(YOUR TASK): The listing below has to be output exactly as given, less its pictures.

(EXERCISE DATA):
--*--

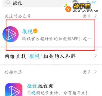 首先开启qq在搜索栏直接搜索“微视”开启它,因为有时候我们找不到,所以能用这种办法。如图所示
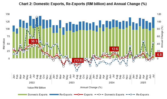 This growth was in line with a 42.0 per cent increase in re-exports, which expanded to RM37.0 billion from RM26.1 billion, accounting for 26.4 per cent of total exports. However, domestic exports, which contributed 73.6 per cent of total exports, declined by 1.9 per cent to RM103.4 billion.
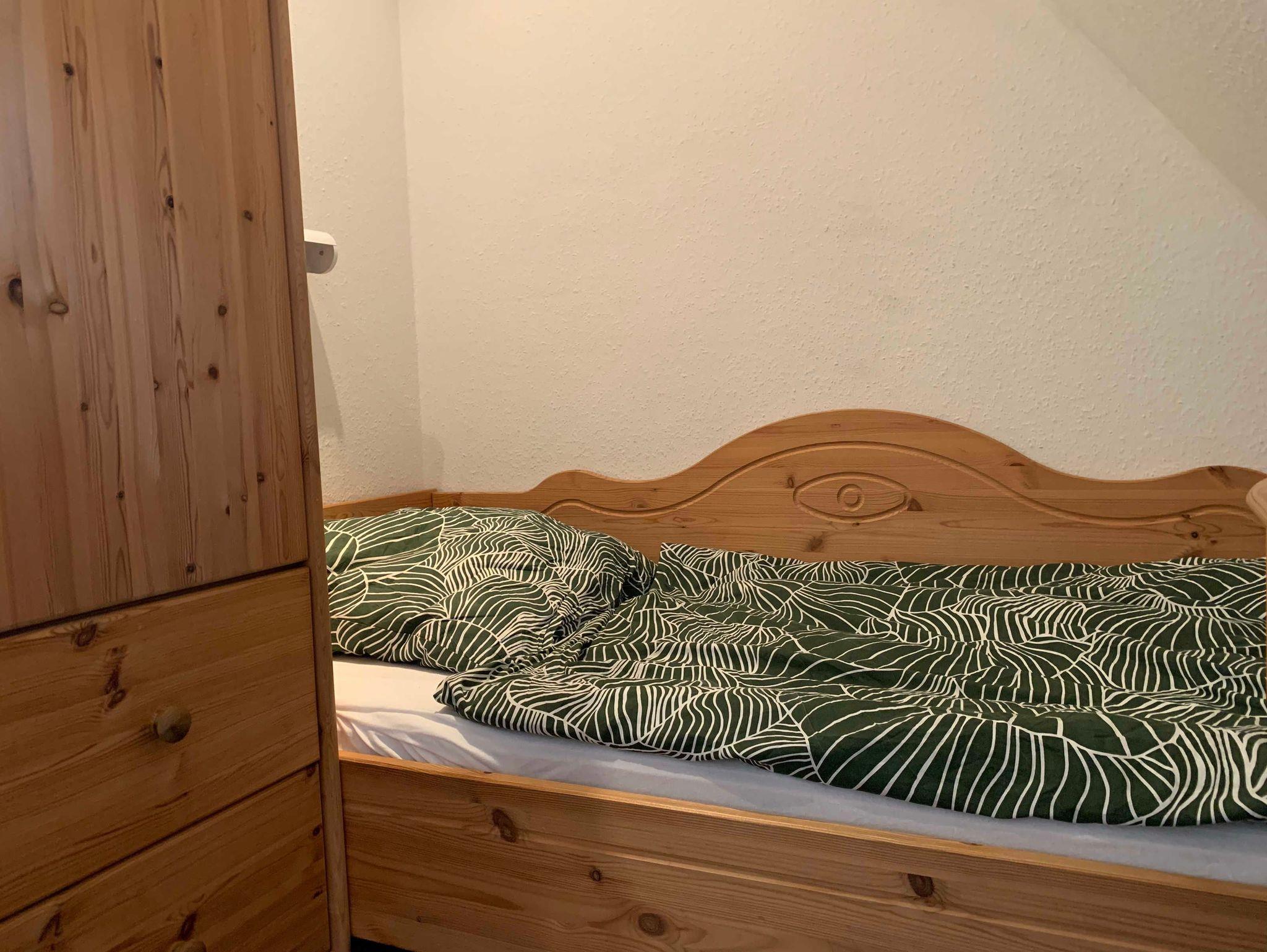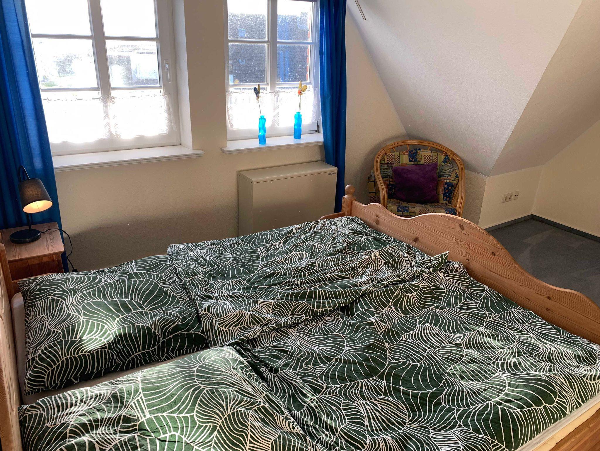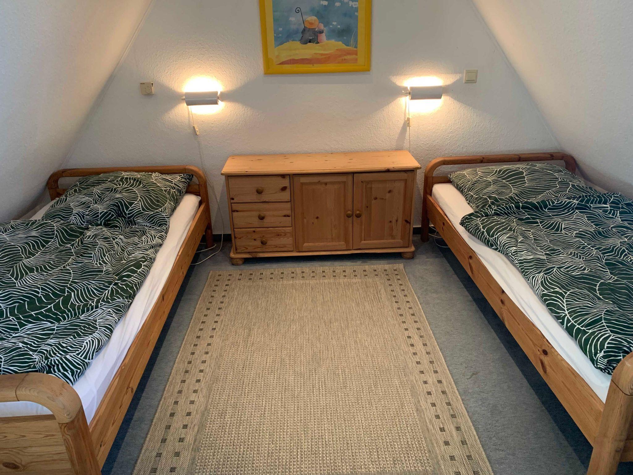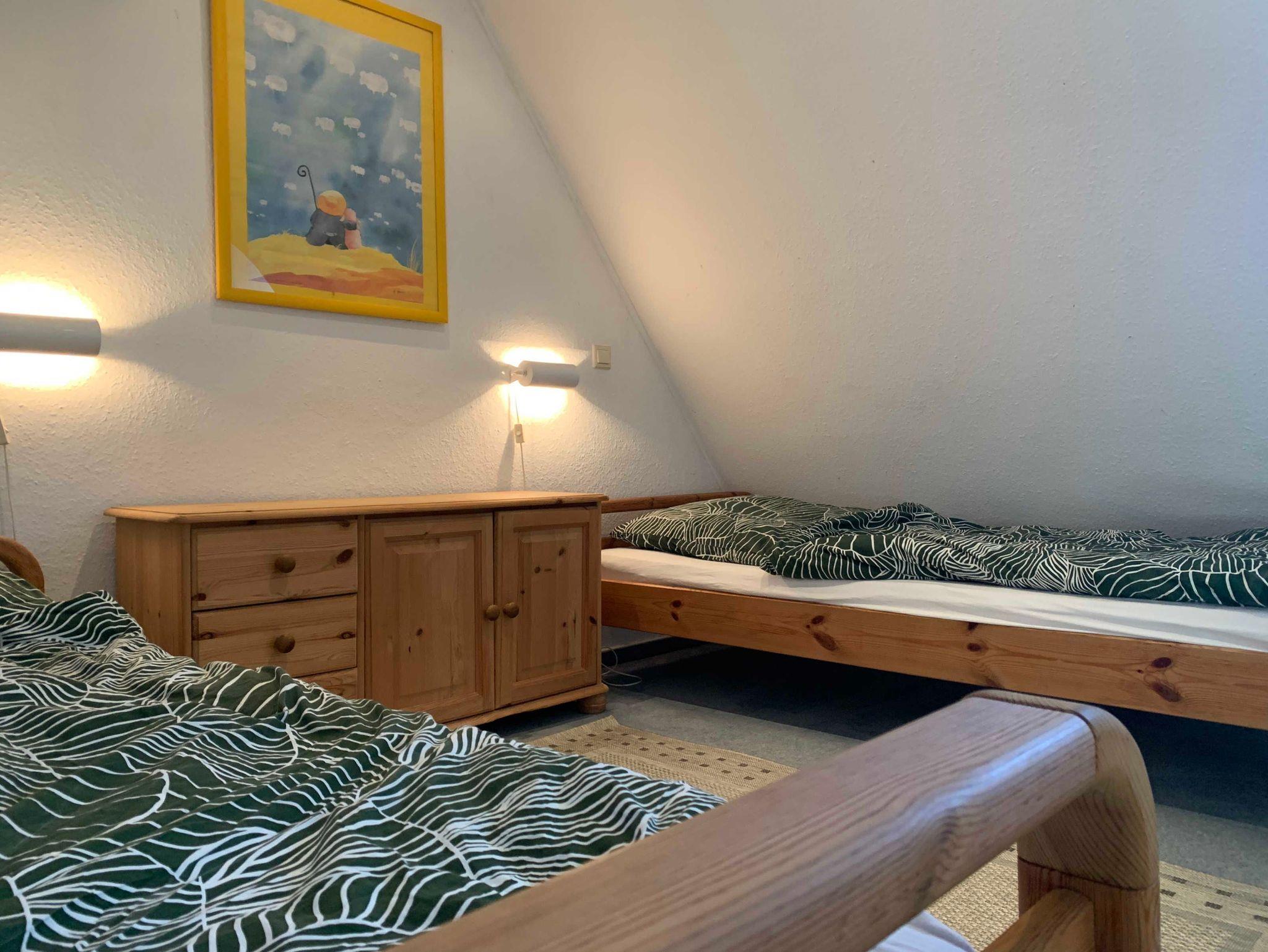 Im Obergeschoss befinden sich zwei gemütliche Schlafzimmer: eines mit Doppelbett und eines mit zwei Einzelbetten. Ebenfalls auf dieser Etage liegt das Badezimmer mit Dusche und WC. Ein weiteres Highlight ist das offene Giebelzimmer im Dachgeschoss, das als Galerie ausgebaut wurde und zwei weitere Einzelbetten bietet.

--*--

(PROBLEM SOLUTION):
 首先开启qq在搜索栏直接搜索“微视”开启它,因为有时候我们找不到,所以能用这种办法。如图所示
 This growth was in line with a 42.0 per cent increase in re-exports, which expanded to RM37.0 billion from RM26.1 billion, accounting for 26.4 per cent of total exports. However, domestic exports, which contributed 73.6 per cent of total exports, declined by 1.9 per cent to RM103.4 billion.
 Im Obergeschoss befinden sich zwei gemütliche Schlafzimmer: eines mit Doppelbett und eines mit zwei Einzelbetten. Ebenfalls auf dieser Etage liegt das Badezimmer mit Dusche und WC. Ein weiteres Highlight ist das offene Giebelzimmer im Dachgeschoss, das als Galerie ausgebaut wurde und zwei weitere Einzelbetten bietet.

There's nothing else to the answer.